Posted in Books, Statistics, University life with tags Bernoulli factory, book review, coupling from the past, forward-backward formula, java, Mark Huber, MCMC algorithms, Monte Carlo Statistical Methods, perfect sampling on January 19, 2016 by xi'an**G**reat news! Mark Huber (whom I’ve know for many years, so this review may be not completely objective!) has just written a book on perfect simulation! I remember (and still share) the excitement of the MCMC community when the first perfect simulation papers of Propp and Wilson (1995) came up on the (now deceased) MCMC preprint server, as it seemed then the ideal (perfect!) answer to critics of the MCMC methodology, plugging MCMC algorithms into a generic algorithm that eliminating burnin, warmup, and convergence issues… It seemed both magical, with the simplest argument: “start at T=-∞ to reach stationarity at T=0”, and esoteric (“why forward fails while backward works?!”), requiring simple random walk examples (and a java app by Jeff Rosenthal) to understand the difference (between backward and forward), as well as Wilfrid Kendall’s kids’ coloured wood cubes and his layer of leaves falling on the ground and seen from below… These were exciting years, with MCMC still in its infancy, and no goal seemed too far away! Now that years have gone, and that the excitement has clearly died away, perfect sampling can be considered in a more sedate manner, with pros and cons well-understood. This is why Mark Huber’s book is coming at a perfect time if any! It covers the evolution of the perfect sampling techniques, from the early coupling from the past to the monotonous versions, to the coalescence principles, with applications to spatial processes, to the variations on nested sampling and their use in doubly intractable distributions, with forays into the (fabulous) Bernoulli factory problem (a surprise for me, as Bernoulli factories are connected with unbiasedness, not stationarity! Even though my only fieldwork [with Randal Douc] in such factories was addressing a way to turn MCMC into importance sampling. The key is in the notion of approximate densities, introduced in Section 2.6.). The book is quite thorough with the probabilistic foundations of the different principles, with even “a [tiny weeny] little bit of measure theory.

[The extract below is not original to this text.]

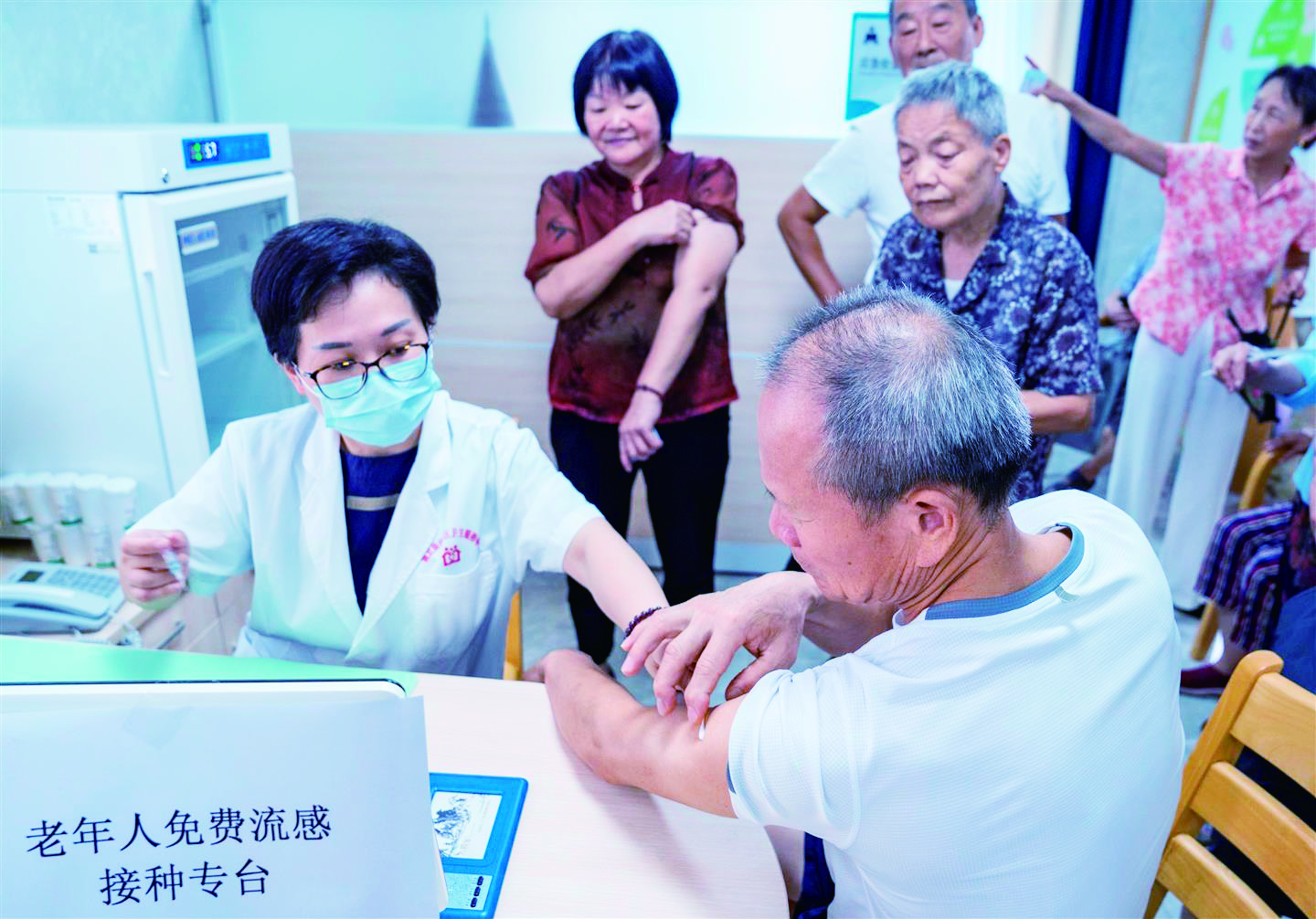 记者 傅俊 文/摄 连日来,60周岁及以上老年人免费接种流感疫苗工作在全市各街道社区卫生服务中心、乡镇卫生院有序推进。 9月10日上午9时许,在市区城北街道卫生服务中心的疫苗接种现场,前来接种流感疫苗的老年人络绎不绝。截至目前,该卫生服务中心已为老年人免费接种流感疫苗1010剂次。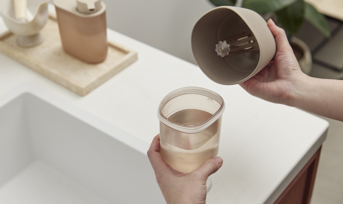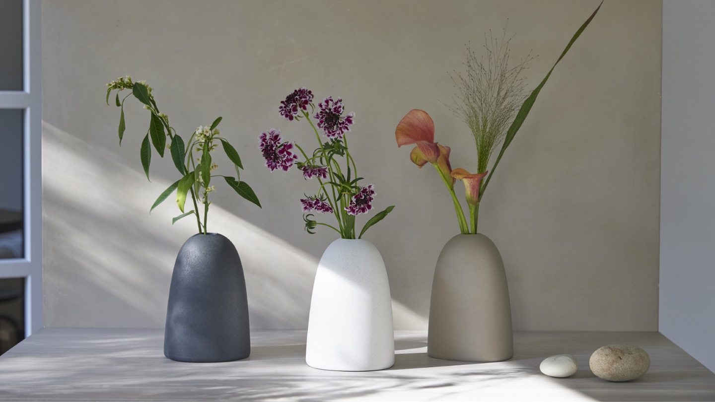 一方のFlower vaseは、花瓶にありがちな「水替えの面倒さ」をUXの中心課題として扱っている。石のように穏やかな外観と、陶器を思わせるしっとりした質感を狙い、緩やかなカーブのフォルムで花を主張しすぎずに引き立てる……という高いインテリア性を実現しつつ、TEXa製の本体+再生ポリカーボネート製のストレーナーと、同じく再生ポリカーボネート製の水カップの分離構造により、花を活け直さずに水替えができるようにした。これは「飾って終わり」ではなく「維持のしやすさ」まで含めて美しさを継続させることで、花がある生活を日常的なものにしやすくしたデザインと言えよう。

Any imperfection?! Rather, only a (short too short!) reflection on the limitations of perfect sampling, namely that it cannot cover the simulation of posterior distributions in the Bayesian processing of most statistical models. Which makes the quote

“Distributions where the label of a node only depends on immediate neighbors, and where there is a chance of being able to ignore the neighbors are the most easily handled by perfect simulation protocols (…) Statistical models in particular tend to fall into this category, as they often do not wish to restrict the outcome too severely, instead giving the data a chance to show where the model is incomplete or incorrect.” (p.223)

just surprising, given the very small percentage of statistical models which can be handled by perfect sampling. And the downsizing of perfect sampling related papers in the early 2000’s. Which also makes the final and short section on the future of perfect sampling somewhat restricted in its scope.

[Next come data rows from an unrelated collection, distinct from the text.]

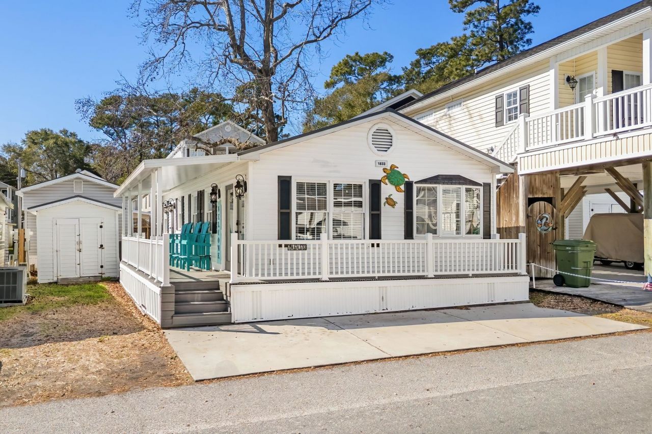 Welcome to 1833, a beautiful seaside/beach decor home with 2-bedrooms & 2 baths in Ocean Lakes Campground with full-size washer/dryer located inside the home in its own Landry room. Enjoy the East facing covered porch for sun in the morning for your coffee and shaded in the afternoons for happy hour! August 2025 New HVAC, 3-year composite decking and handrails, covered porch with four poly-wood chairs. 2024 improvements include new floors, primary bath vanity, refinished both bathtubs, painted interior, and new water heater in 2024. Metal Roof was replaced in 2020. Home is being sold FURNIHSED. Annual lot lease is paid half in January and the other half is paid in July. The annual lease covers your basic cable TV, garbage pick-up, 24-hour security and access to all the amazing amenities that Ocean Lakes has to offer.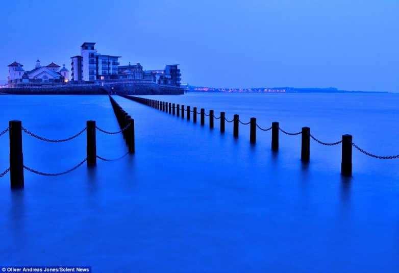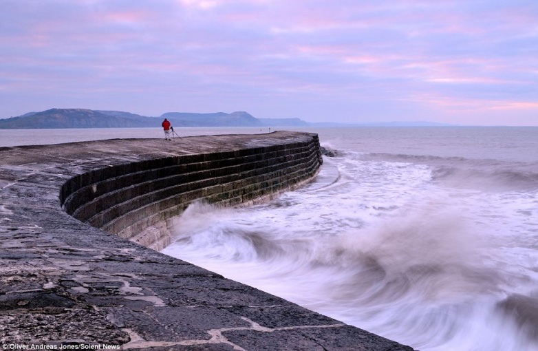 2. Оливер путешествует по родной Великобритании с отцом, снимая, в основном, на закате и на рассвете. На фото: разбивающиеся о пирс волны на длинной выдержке.
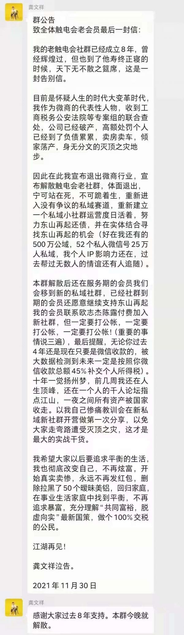 直到11月30日晚,龚文祥自爆:“收到了工商税务公安法院等专案组的联合查处,公司已经破产,高额处罚个人已经到了负债累累,卖房卖车,倾家荡产,身无分文的灭顶之灾地步。”并表示将解散触电会原有社群,退出微商行业。
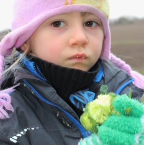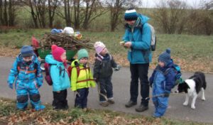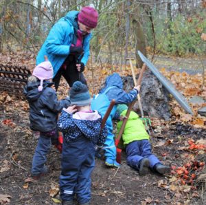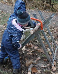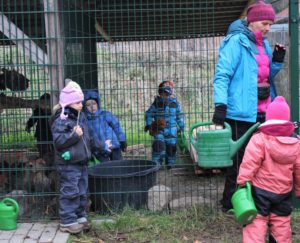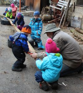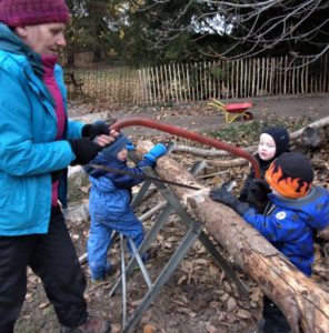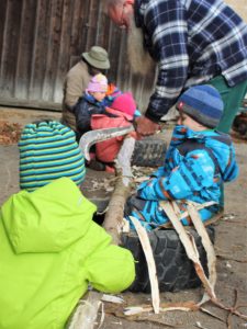 Alle Neune hatten wir am Dienstag gegen 9 Uhr im Morgenkreis beisammen. Sie saßen gut eingepackt auf den Holzklötzen im Morgenkreis. In der Mitte die Baumscheibe mit den Wochen-Männchen. Die stellte Enrico fast alle in die richtigen Tage, denn jedes Männchen mit seinem typischen Filzhütchen steht für einen Wochentag. Aila half dann noch ein bisschen. „Heute ist Dienstag, den ganzen Tag“, sangen wir und hüpften dazu im Kreis. „Der Himmel ist grau und keine Sonne zu sehen“, kommentierten einige Kinder das Wetter. Elke erzählte von den Aufgaben des Tages: Tiere versorgen, ein Loch graben und Holzsägen. Eine Gruppe kümmerte sich mit Elke um die Hühner: Das sieht inzwischen so aus, dass sich die vier Kinder im Hühnergehege auf eine kleine Bank setzen und das Futter in ihren Händen den Hühnern anbieten, in Kniehöhe. Damit kommen die kleinen Menschen und die kleinen Tier immer mehr in Kontakt. Das Ziel ist, das einzelne Hühner in ein paar Wochen bei den Kindern auf dem Schoß sitzen.

So, great indeed!, a close to perfect entry to a decade of work on perfect sampling. If you have not heard of the concept before, consider yourself lucky to be offered such a gentle guidance into it. If you have dabbled with perfect sampling before, reading the book will be like meeting old friends and hearing about their latest deeds. More formally, Mark Huber’s book should bring you a new perspective on the topic. (As for me, I had never thought of connecting perfect sampling with accept reject algorithms.)